▶ _Work instruction_
Everything in the records below from the line containing "Curious girl with" through the line containing "Ποτήρι, κρύσταλλο, χρωματιστό, σκαλιστό, σχέδιο" is to be reproduced exactly, those two lines included; no picture is to be copied.

▶ _Data for this exercise_
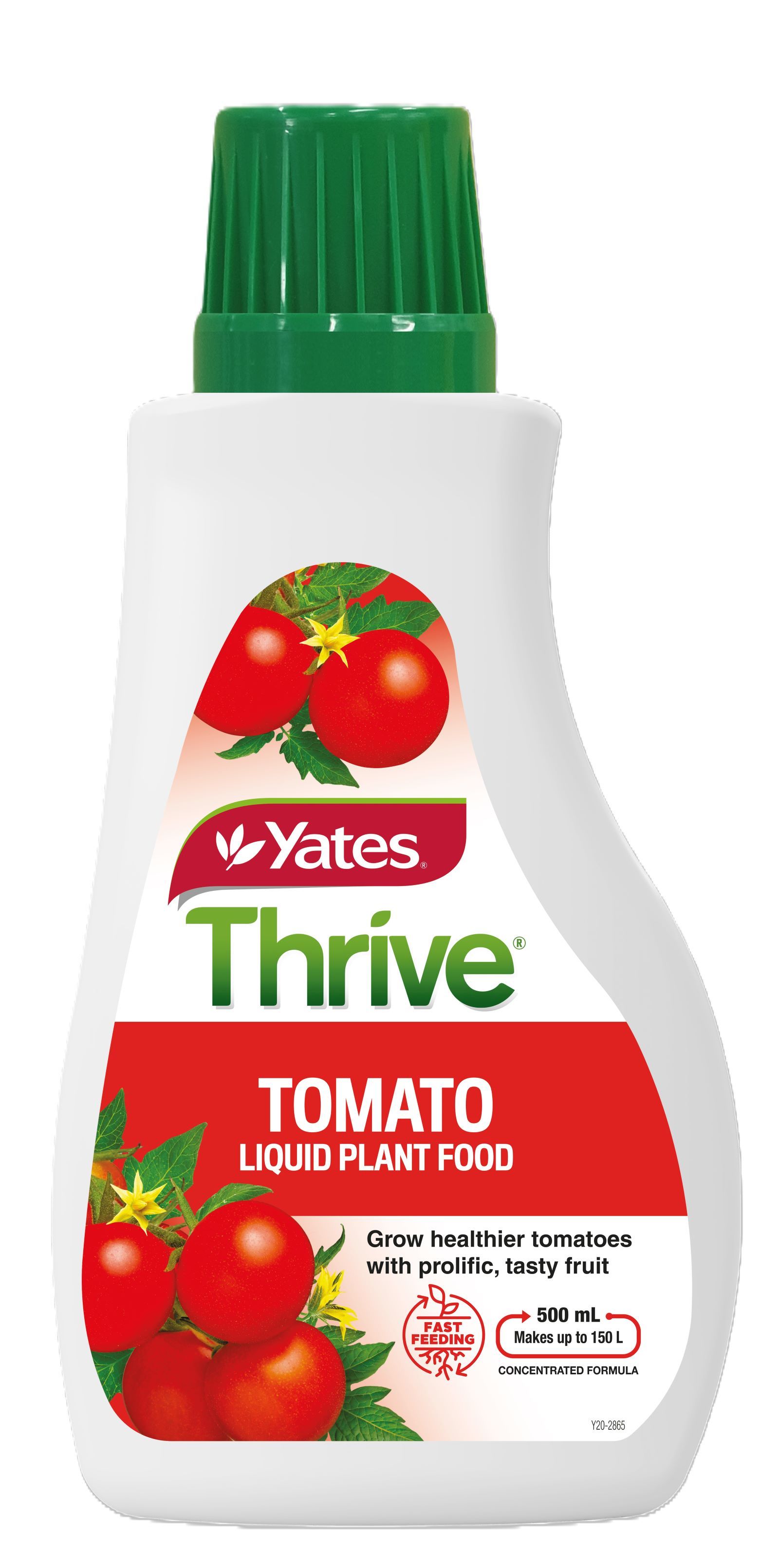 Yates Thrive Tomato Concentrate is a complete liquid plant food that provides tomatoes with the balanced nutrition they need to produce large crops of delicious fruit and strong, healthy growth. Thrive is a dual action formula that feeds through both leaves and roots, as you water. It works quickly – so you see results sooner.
==
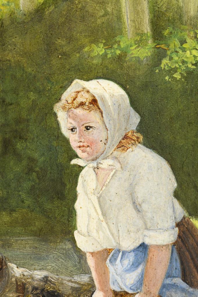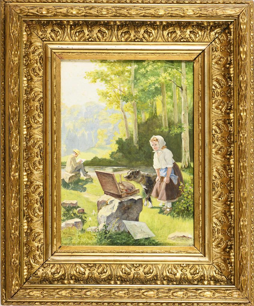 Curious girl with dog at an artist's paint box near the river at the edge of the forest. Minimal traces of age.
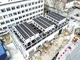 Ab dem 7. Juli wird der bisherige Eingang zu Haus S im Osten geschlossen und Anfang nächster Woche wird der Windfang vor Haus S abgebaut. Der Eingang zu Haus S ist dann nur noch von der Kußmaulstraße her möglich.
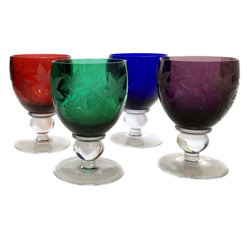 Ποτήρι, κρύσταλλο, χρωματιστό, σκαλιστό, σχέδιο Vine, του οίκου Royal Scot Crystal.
* * *
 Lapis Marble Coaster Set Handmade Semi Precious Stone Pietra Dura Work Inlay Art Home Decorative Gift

▶ _Answer to the exercise_
 Curious girl with dog at an artist's paint box near the river at the edge of the forest. Minimal traces of age.
 Ab dem 7. Juli wird der bisherige Eingang zu Haus S im Osten geschlossen und Anfang nächster Woche wird der Windfang vor Haus S abgebaut. Der Eingang zu Haus S ist dann nur noch von der Kußmaulstraße her möglich.
 Ποτήρι, κρύσταλλο, χρωματιστό, σκαλιστό, σχέδιο Vine, του οίκου Royal Scot Crystal.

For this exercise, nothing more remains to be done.